→ EXERCISE:
Please give back the listing below word for word, without the images.
[[ RECORDED INFORMATION open ]]
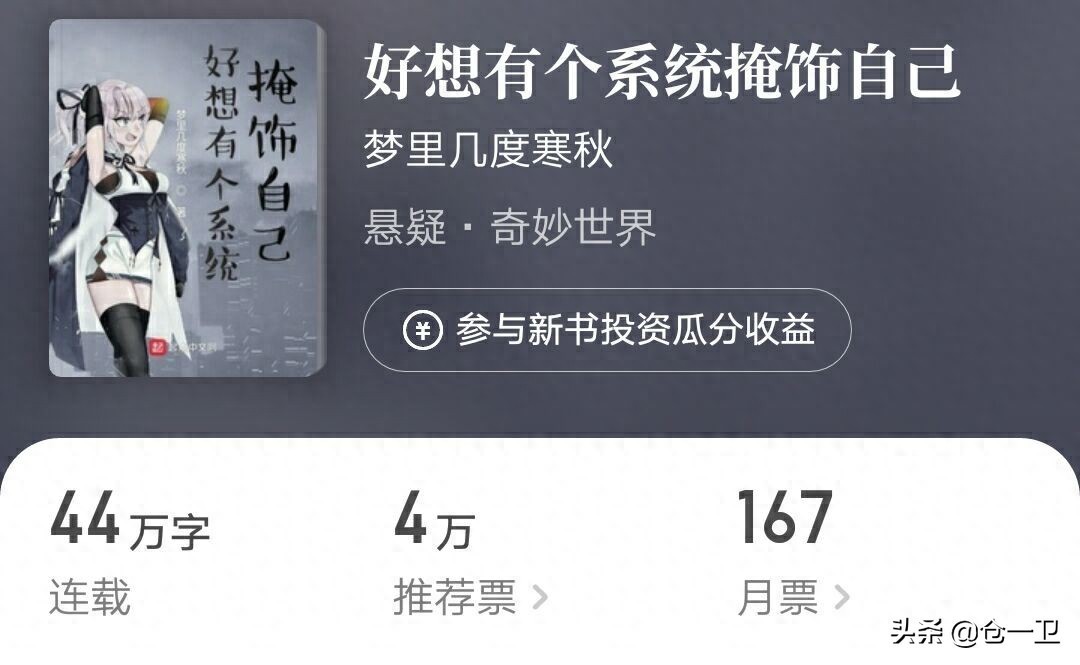 《好想有个系统掩饰自己》,作者:梦里几度寒秋,4级作者。
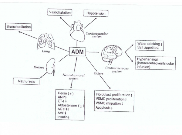 - AVP או arginine vasopressin: ההשפעה של החדרת ADM על הפרשה של AVP, נחקרה בחולדות (Kohno וחב' ב-Hypertension משנת 1995). הזרקה מוחית אינטרה-ונטריקולרית של ADM, החלישה באופן חלקי אם כי משמעותי הגברת רמות AVP המושרה על ידי היפר-אוסמולליות ועל ידי hypovolemia. עם זאת, עירוי תוך-ורידי של ADM לא גרם לשינוי ברמות AVP בפלזמה
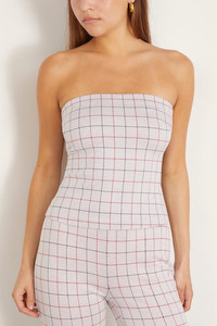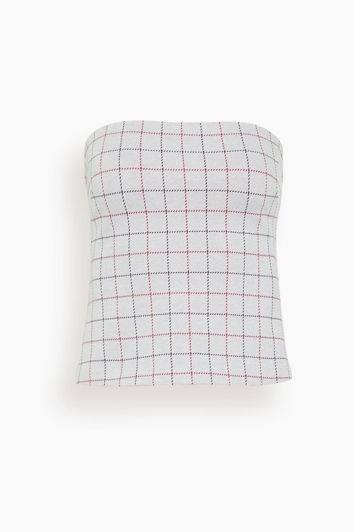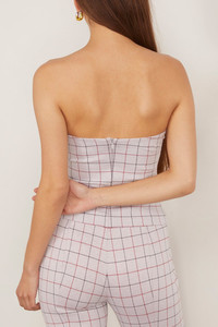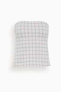 The Rosetta Getty Strapless Bandeau in Navy/Red is streamlined and versatile. This slim-fitting bandeau top is reminiscent of classic ‘90s styles. Rosetta Getty’s seasonal Striped Windowpane Interlock Jacquard lends classicism to the style, ideal for layering beneath the coordinating Peak Lapel Jacket. An exclusive fabrication for the season, the Striped Windowpane Interlock Jacquard is similar to our Interlock Jersey with a slightly slick hand and added elastic to contour the body. It's produced by an Italian mill certified for its sustainable practices by the Associazione Tessile e Salute (Health and Textiles Association) and Forest Stewardship Council (FSC), which uses viscose produced using sustainably sourced and certified FSC wood pulp. FIT DESCRIPTION MODEL MEASUREMENTS - Fits true to size, take your normal size - Strapless - Concealed back zip - 81% Viscose, 18% Polyamide, 1% Elastane - Emma is wearing a size XS - Bust: 32” - Waist: 25” - Hips: 34” - Height: 5’7”
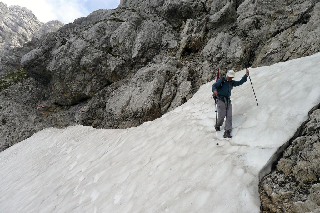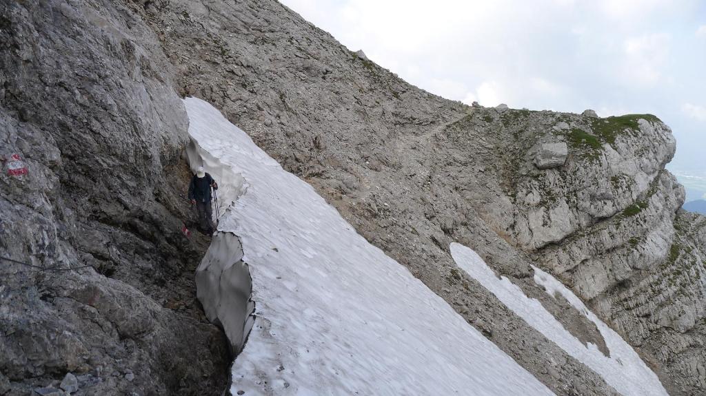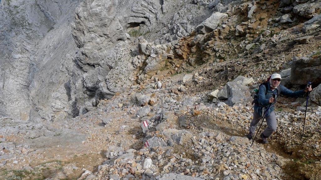 A la derecha se va a la 1ª ferrata difícil ( 1960m 3h04′) (puntos rojos en un círculo blanco). Seguimos la ruta normal que bordea la pared por el W. El camino es rocoso y vertiginoso. Pasamos un nevero, solamente 8 pasos pero con cuidado, y hay un par de sirgas para ayudarse más adelante. Llegamos al inicio de una 2ª ferrata (1960m 3h13′) que va hacia a derecha, más corta y más fácil, señalizada con azul.
[[ RECORDED INFORMATION closed ]]
→ EXERCISE RESPONSE:
 《好想有个系统掩饰自己》,作者:梦里几度寒秋,4级作者。
 - AVP או arginine vasopressin: ההשפעה של החדרת ADM על הפרשה של AVP, נחקרה בחולדות (Kohno וחב' ב-Hypertension משנת 1995). הזרקה מוחית אינטרה-ונטריקולרית של ADM, החלישה באופן חלקי אם כי משמעותי הגברת רמות AVP המושרה על ידי היפר-אוסמולליות ועל ידי hypovolemia. עם זאת, עירוי תוך-ורידי של ADM לא גרם לשינוי ברמות AVP בפלזמה
 The Rosetta Getty Strapless Bandeau in Navy/Red is streamlined and versatile. This slim-fitting bandeau top is reminiscent of classic ‘90s styles. Rosetta Getty’s seasonal Striped Windowpane Interlock Jacquard lends classicism to the style, ideal for layering beneath the coordinating Peak Lapel Jacket. An exclusive fabrication for the season, the Striped Windowpane Interlock Jacquard is similar to our Interlock Jersey with a slightly slick hand and added elastic to contour the body. It's produced by an Italian mill certified for its sustainable practices by the Associazione Tessile e Salute (Health and Textiles Association) and Forest Stewardship Council (FSC), which uses viscose produced using sustainably sourced and certified FSC wood pulp. FIT DESCRIPTION MODEL MEASUREMENTS - Fits true to size, take your normal size - Strapless - Concealed back zip - 81% Viscose, 18% Polyamide, 1% Elastane - Emma is wearing a size XS - Bust: 32” - Waist: 25” - Hips: 34” - Height: 5’7”
 A la derecha se va a la 1ª ferrata difícil ( 1960m 3h04′) (puntos rojos en un círculo blanco). Seguimos la ruta normal que bordea la pared por el W. El camino es rocoso y vertiginoso. Pasamos un nevero, solamente 8 pasos pero con cuidado, y hay un par de sirgas para ayudarse más adelante. Llegamos al inicio de una 2ª ferrata (1960m 3h13′) que va hacia a derecha, más corta y más fácil, señalizada con azul.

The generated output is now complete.